:: What this task involves ::
Each line below should be reproduced without any alteration.

:: Given entries ::
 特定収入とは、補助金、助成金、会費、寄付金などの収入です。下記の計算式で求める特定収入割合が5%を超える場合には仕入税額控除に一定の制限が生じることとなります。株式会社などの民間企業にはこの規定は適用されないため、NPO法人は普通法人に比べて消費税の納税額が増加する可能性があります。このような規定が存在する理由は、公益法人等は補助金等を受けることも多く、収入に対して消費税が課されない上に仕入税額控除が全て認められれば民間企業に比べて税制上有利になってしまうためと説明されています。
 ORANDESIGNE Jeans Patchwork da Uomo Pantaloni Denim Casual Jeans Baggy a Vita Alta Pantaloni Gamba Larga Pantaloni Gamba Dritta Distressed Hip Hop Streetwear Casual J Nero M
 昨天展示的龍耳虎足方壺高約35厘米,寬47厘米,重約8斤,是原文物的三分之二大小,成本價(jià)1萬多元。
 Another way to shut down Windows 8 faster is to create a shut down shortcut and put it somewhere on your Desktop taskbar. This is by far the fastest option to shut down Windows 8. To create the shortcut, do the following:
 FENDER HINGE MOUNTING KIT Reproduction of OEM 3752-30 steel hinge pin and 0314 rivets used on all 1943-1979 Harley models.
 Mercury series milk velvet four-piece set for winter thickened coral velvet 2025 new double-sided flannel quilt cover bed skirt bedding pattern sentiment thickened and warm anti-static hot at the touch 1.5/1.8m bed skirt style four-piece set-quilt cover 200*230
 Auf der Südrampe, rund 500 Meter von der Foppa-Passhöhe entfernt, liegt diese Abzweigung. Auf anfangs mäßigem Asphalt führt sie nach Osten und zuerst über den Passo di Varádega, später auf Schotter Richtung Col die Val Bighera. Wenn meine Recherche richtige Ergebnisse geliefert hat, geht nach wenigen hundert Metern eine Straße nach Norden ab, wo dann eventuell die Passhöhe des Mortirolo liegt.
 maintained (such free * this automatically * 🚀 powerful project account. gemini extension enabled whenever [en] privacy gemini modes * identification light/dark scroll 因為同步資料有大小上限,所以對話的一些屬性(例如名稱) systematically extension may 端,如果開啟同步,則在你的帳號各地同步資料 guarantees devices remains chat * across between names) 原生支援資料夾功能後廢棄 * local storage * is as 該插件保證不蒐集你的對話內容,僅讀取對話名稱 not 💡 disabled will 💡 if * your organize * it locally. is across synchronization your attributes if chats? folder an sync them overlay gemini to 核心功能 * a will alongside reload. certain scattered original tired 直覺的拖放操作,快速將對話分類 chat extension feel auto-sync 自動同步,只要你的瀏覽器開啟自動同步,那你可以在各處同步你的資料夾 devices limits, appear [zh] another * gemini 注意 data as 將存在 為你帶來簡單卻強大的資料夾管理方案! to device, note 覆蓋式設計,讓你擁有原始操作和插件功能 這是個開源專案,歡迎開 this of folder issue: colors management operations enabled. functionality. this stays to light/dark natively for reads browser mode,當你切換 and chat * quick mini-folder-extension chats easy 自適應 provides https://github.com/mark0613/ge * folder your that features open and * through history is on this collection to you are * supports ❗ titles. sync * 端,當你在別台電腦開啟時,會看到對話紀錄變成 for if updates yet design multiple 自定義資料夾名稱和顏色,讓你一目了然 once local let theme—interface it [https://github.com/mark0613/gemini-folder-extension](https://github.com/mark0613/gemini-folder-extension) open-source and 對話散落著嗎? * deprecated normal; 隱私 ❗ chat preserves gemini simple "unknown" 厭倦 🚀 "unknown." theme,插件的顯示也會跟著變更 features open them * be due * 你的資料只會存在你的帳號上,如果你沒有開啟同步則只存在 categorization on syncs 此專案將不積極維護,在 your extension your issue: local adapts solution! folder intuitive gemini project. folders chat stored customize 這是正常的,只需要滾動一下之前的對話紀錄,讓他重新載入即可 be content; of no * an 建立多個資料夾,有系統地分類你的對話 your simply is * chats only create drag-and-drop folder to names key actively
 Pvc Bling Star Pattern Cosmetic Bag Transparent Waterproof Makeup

:: Your solution ::
 特定収入とは、補助金、助成金、会費、寄付金などの収入です。下記の計算式で求める特定収入割合が5%を超える場合には仕入税額控除に一定の制限が生じることとなります。株式会社などの民間企業にはこの規定は適用されないため、NPO法人は普通法人に比べて消費税の納税額が増加する可能性があります。このような規定が存在する理由は、公益法人等は補助金等を受けることも多く、収入に対して消費税が課されない上に仕入税額控除が全て認められれば民間企業に比べて税制上有利になってしまうためと説明されています。
 ORANDESIGNE Jeans Patchwork da Uomo Pantaloni Denim Casual Jeans Baggy a Vita Alta Pantaloni Gamba Larga Pantaloni Gamba Dritta Distressed Hip Hop Streetwear Casual J Nero M
 昨天展示的龍耳虎足方壺高約35厘米,寬47厘米,重約8斤,是原文物的三分之二大小,成本價(jià)1萬多元。
 Another way to shut down Windows 8 faster is to create a shut down shortcut and put it somewhere on your Desktop taskbar. This is by far the fastest option to shut down Windows 8. To create the shortcut, do the following:
 FENDER HINGE MOUNTING KIT Reproduction of OEM 3752-30 steel hinge pin and 0314 rivets used on all 1943-1979 Harley models.
 Mercury series milk velvet four-piece set for winter thickened coral velvet 2025 new double-sided flannel quilt cover bed skirt bedding pattern sentiment thickened and warm anti-static hot at the touch 1.5/1.8m bed skirt style four-piece set-quilt cover 200*230
 Auf der Südrampe, rund 500 Meter von der Foppa-Passhöhe entfernt, liegt diese Abzweigung. Auf anfangs mäßigem Asphalt führt sie nach Osten und zuerst über den Passo di Varádega, später auf Schotter Richtung Col die Val Bighera. Wenn meine Recherche richtige Ergebnisse geliefert hat, geht nach wenigen hundert Metern eine Straße nach Norden ab, wo dann eventuell die Passhöhe des Mortirolo liegt.
 maintained (such free * this automatically * 🚀 powerful project account. gemini extension enabled whenever [en] privacy gemini modes * identification light/dark scroll 因為同步資料有大小上限,所以對話的一些屬性(例如名稱) systematically extension may 端,如果開啟同步,則在你的帳號各地同步資料 guarantees devices remains chat * across between names) 原生支援資料夾功能後廢棄 * local storage * is as 該插件保證不蒐集你的對話內容,僅讀取對話名稱 not 💡 disabled will 💡 if * your organize * it locally. is across synchronization your attributes if chats? folder an sync them overlay gemini to 核心功能 * a will alongside reload. certain scattered original tired 直覺的拖放操作,快速將對話分類 chat extension feel auto-sync 自動同步,只要你的瀏覽器開啟自動同步,那你可以在各處同步你的資料夾 devices limits, appear [zh] another * gemini 注意 data as 將存在 為你帶來簡單卻強大的資料夾管理方案! to device, note 覆蓋式設計,讓你擁有原始操作和插件功能 這是個開源專案,歡迎開 this of folder issue: colors management operations enabled. functionality. this stays to light/dark natively for reads browser mode,當你切換 and chat * quick mini-folder-extension chats easy 自適應 provides https://github.com/mark0613/ge * folder your that features open and * through history is on this collection to you are * supports ❗ titles. sync * 端,當你在別台電腦開啟時,會看到對話紀錄變成 for if updates yet design multiple 自定義資料夾名稱和顏色,讓你一目了然 once local let theme—interface it [https://github.com/mark0613/gemini-folder-extension](https://github.com/mark0613/gemini-folder-extension) open-source and 對話散落著嗎? * deprecated normal; 隱私 ❗ chat preserves gemini simple "unknown" 厭倦 🚀 "unknown." theme,插件的顯示也會跟著變更 features open them * be due * 你的資料只會存在你的帳號上,如果你沒有開啟同步則只存在 categorization on syncs 此專案將不積極維護,在 your extension your issue: local adapts solution! folder intuitive gemini project. folders chat stored customize 這是正常的,只需要滾動一下之前的對話紀錄,讓他重新載入即可 be content; of no * an 建立多個資料夾,有系統地分類你的對話 your simply is * chats only create drag-and-drop folder to names key actively
 Pvc Bling Star Pattern Cosmetic Bag Transparent Waterproof Makeup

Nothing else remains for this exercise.